*Activity*:
Every line of the data below is to be duplicated exactly, pictures excepted.

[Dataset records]
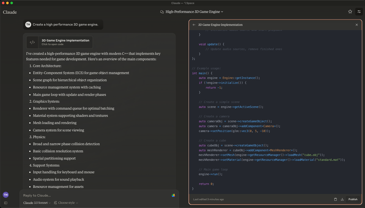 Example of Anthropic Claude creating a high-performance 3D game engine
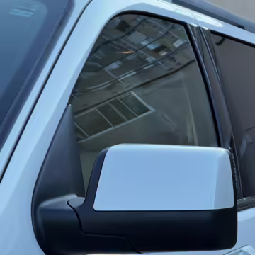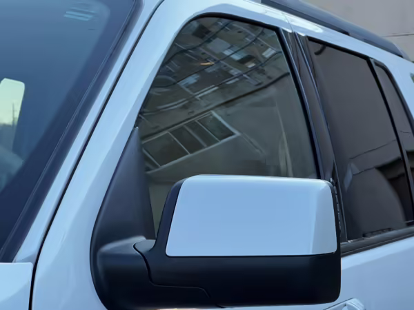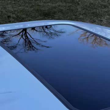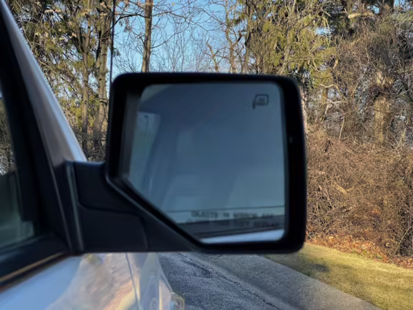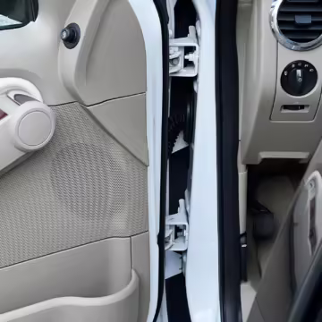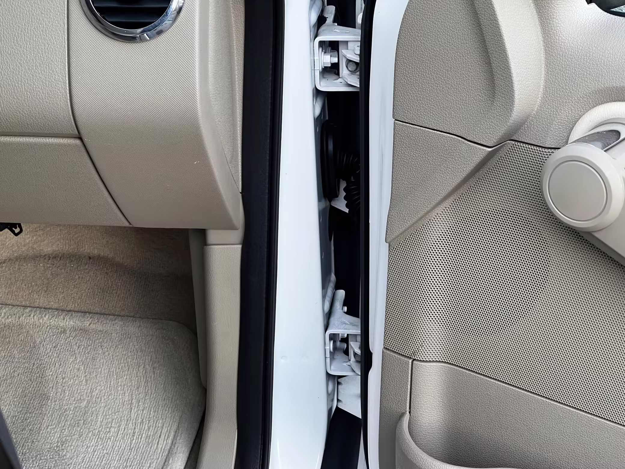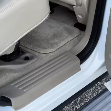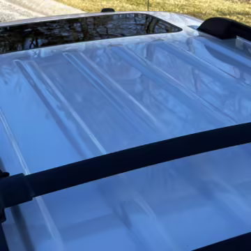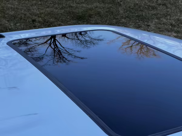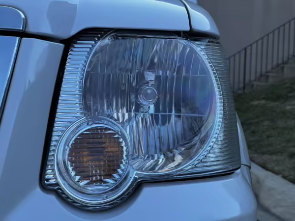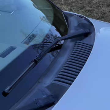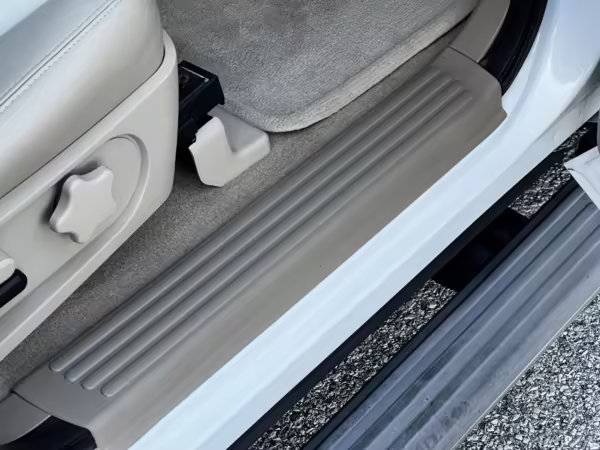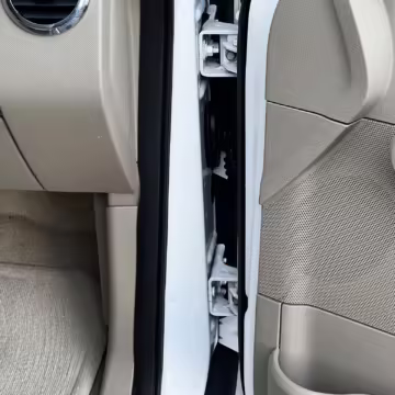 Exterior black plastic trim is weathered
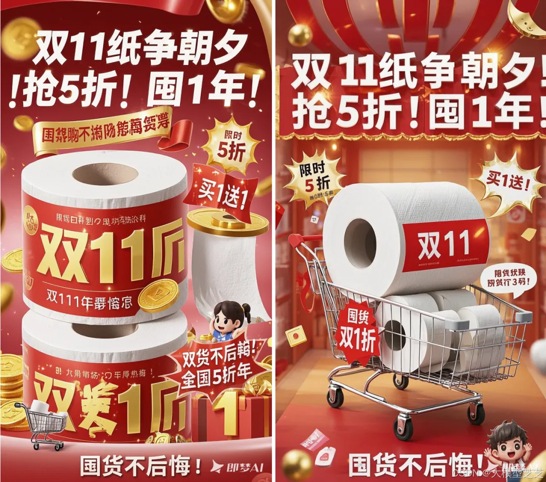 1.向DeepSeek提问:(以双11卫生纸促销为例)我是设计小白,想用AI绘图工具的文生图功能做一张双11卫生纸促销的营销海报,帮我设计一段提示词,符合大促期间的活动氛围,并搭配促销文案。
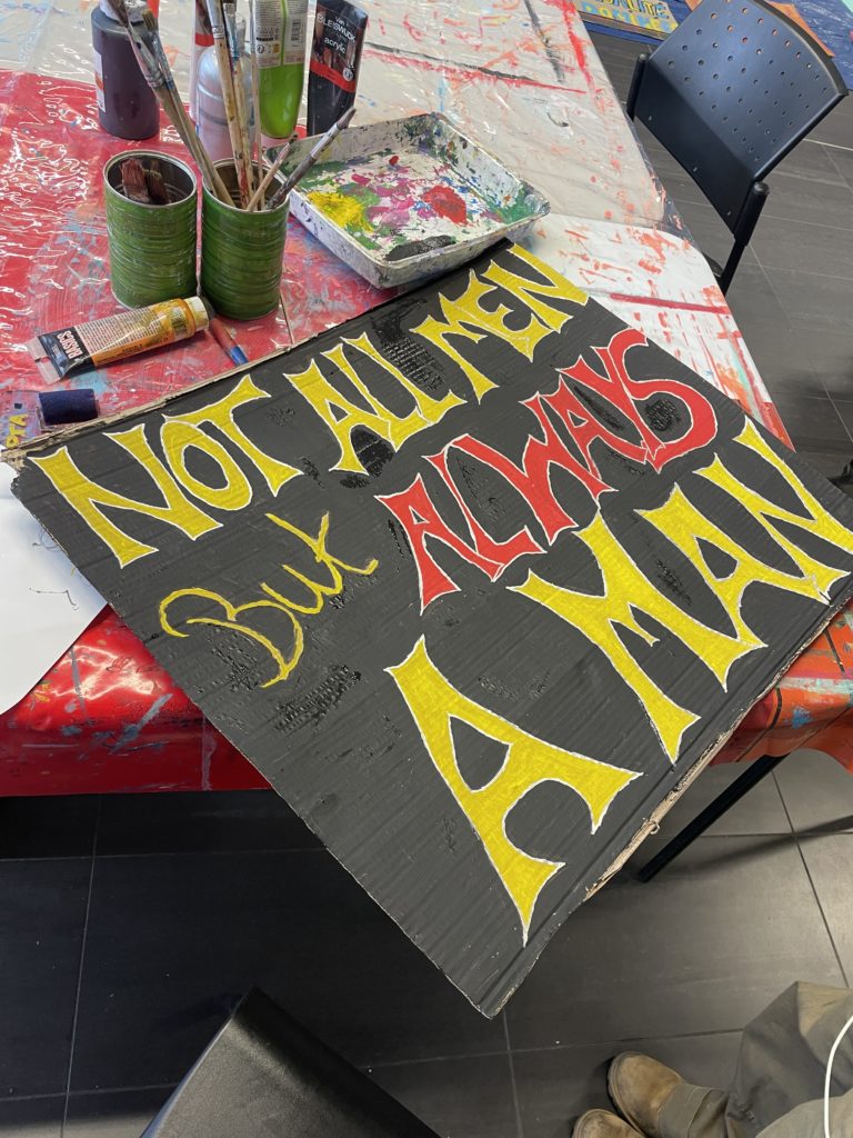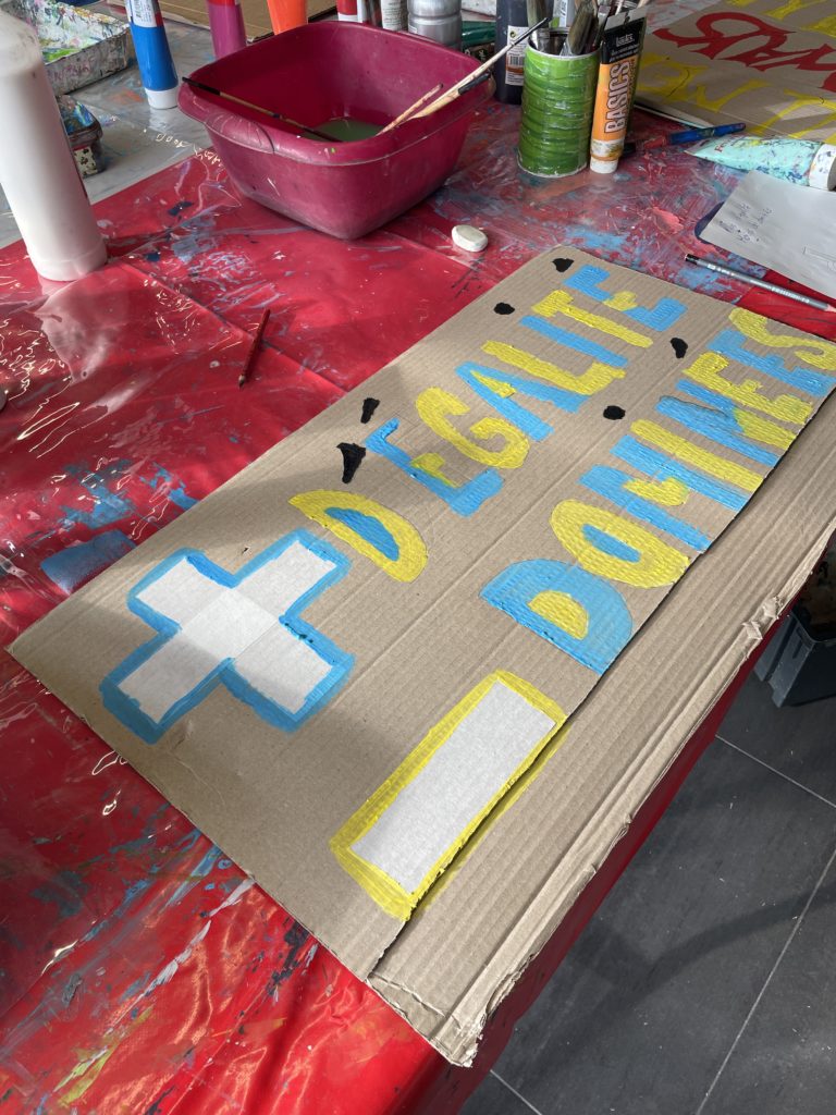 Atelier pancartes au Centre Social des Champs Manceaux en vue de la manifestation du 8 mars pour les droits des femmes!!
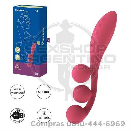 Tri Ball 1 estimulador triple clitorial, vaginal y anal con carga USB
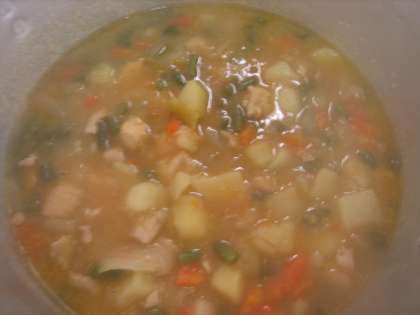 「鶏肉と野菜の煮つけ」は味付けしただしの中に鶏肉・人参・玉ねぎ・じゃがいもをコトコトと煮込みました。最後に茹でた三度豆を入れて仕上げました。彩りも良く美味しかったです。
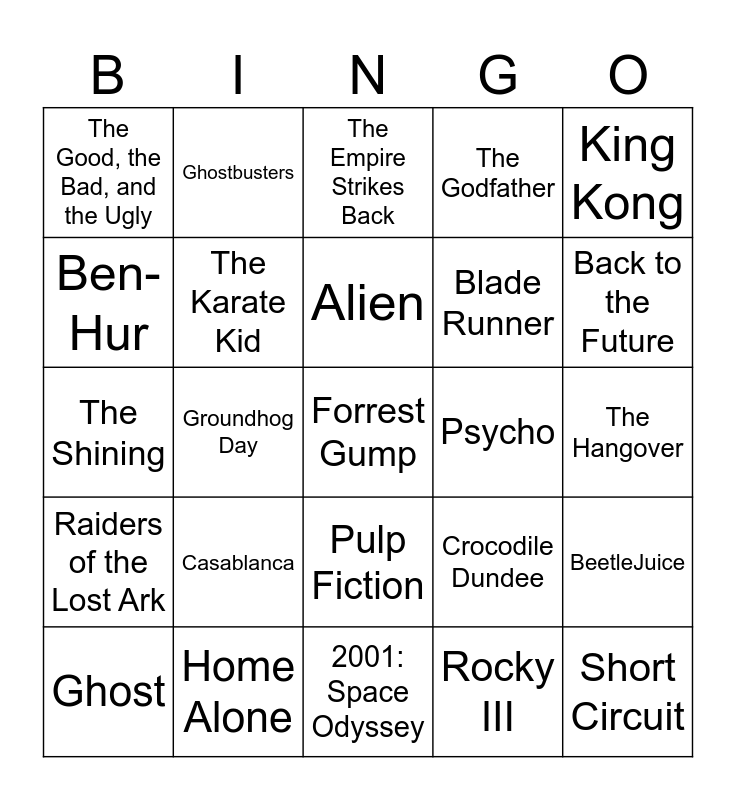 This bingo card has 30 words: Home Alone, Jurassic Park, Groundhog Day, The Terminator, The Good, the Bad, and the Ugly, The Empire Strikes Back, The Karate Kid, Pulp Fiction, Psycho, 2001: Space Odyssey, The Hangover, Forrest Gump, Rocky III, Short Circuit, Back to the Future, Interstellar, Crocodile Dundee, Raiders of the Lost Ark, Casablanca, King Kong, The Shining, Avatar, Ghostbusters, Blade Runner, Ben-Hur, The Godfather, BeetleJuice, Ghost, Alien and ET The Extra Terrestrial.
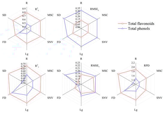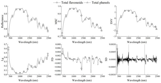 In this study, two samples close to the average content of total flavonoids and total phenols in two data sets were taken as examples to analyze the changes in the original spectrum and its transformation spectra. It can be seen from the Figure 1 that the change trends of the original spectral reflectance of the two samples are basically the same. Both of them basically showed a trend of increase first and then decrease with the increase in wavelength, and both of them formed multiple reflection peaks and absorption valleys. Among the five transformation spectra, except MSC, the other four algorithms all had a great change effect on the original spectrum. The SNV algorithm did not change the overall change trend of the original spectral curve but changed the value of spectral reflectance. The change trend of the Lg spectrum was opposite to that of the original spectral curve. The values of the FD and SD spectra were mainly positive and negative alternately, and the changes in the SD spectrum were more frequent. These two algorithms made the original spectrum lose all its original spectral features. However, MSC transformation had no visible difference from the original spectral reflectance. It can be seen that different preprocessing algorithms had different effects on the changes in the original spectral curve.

*Response for this exercise*:
 Example of Anthropic Claude creating a high-performance 3D game engine
 Exterior black plastic trim is weathered
 1.向DeepSeek提问:(以双11卫生纸促销为例)我是设计小白,想用AI绘图工具的文生图功能做一张双11卫生纸促销的营销海报,帮我设计一段提示词,符合大促期间的活动氛围,并搭配促销文案。
 Atelier pancartes au Centre Social des Champs Manceaux en vue de la manifestation du 8 mars pour les droits des femmes!!
 Tri Ball 1 estimulador triple clitorial, vaginal y anal con carga USB
 「鶏肉と野菜の煮つけ」は味付けしただしの中に鶏肉・人参・玉ねぎ・じゃがいもをコトコトと煮込みました。最後に茹でた三度豆を入れて仕上げました。彩りも良く美味しかったです。
 This bingo card has 30 words: Home Alone, Jurassic Park, Groundhog Day, The Terminator, The Good, the Bad, and the Ugly, The Empire Strikes Back, The Karate Kid, Pulp Fiction, Psycho, 2001: Space Odyssey, The Hangover, Forrest Gump, Rocky III, Short Circuit, Back to the Future, Interstellar, Crocodile Dundee, Raiders of the Lost Ark, Casablanca, King Kong, The Shining, Avatar, Ghostbusters, Blade Runner, Ben-Hur, The Godfather, BeetleJuice, Ghost, Alien and ET The Extra Terrestrial.
 In this study, two samples close to the average content of total flavonoids and total phenols in two data sets were taken as examples to analyze the changes in the original spectrum and its transformation spectra. It can be seen from the Figure 1 that the change trends of the original spectral reflectance of the two samples are basically the same. Both of them basically showed a trend of increase first and then decrease with the increase in wavelength, and both of them formed multiple reflection peaks and absorption valleys. Among the five transformation spectra, except MSC, the other four algorithms all had a great change effect on the original spectrum. The SNV algorithm did not change the overall change trend of the original spectral curve but changed the value of spectral reflectance. The change trend of the Lg spectrum was opposite to that of the original spectral curve. The values of the FD and SD spectra were mainly positive and negative alternately, and the changes in the SD spectrum were more frequent. These two algorithms made the original spectrum lose all its original spectral features. However, MSC transformation had no visible difference from the original spectral reflectance. It can be seen that different preprocessing algorithms had different effects on the changes in the original spectral curve.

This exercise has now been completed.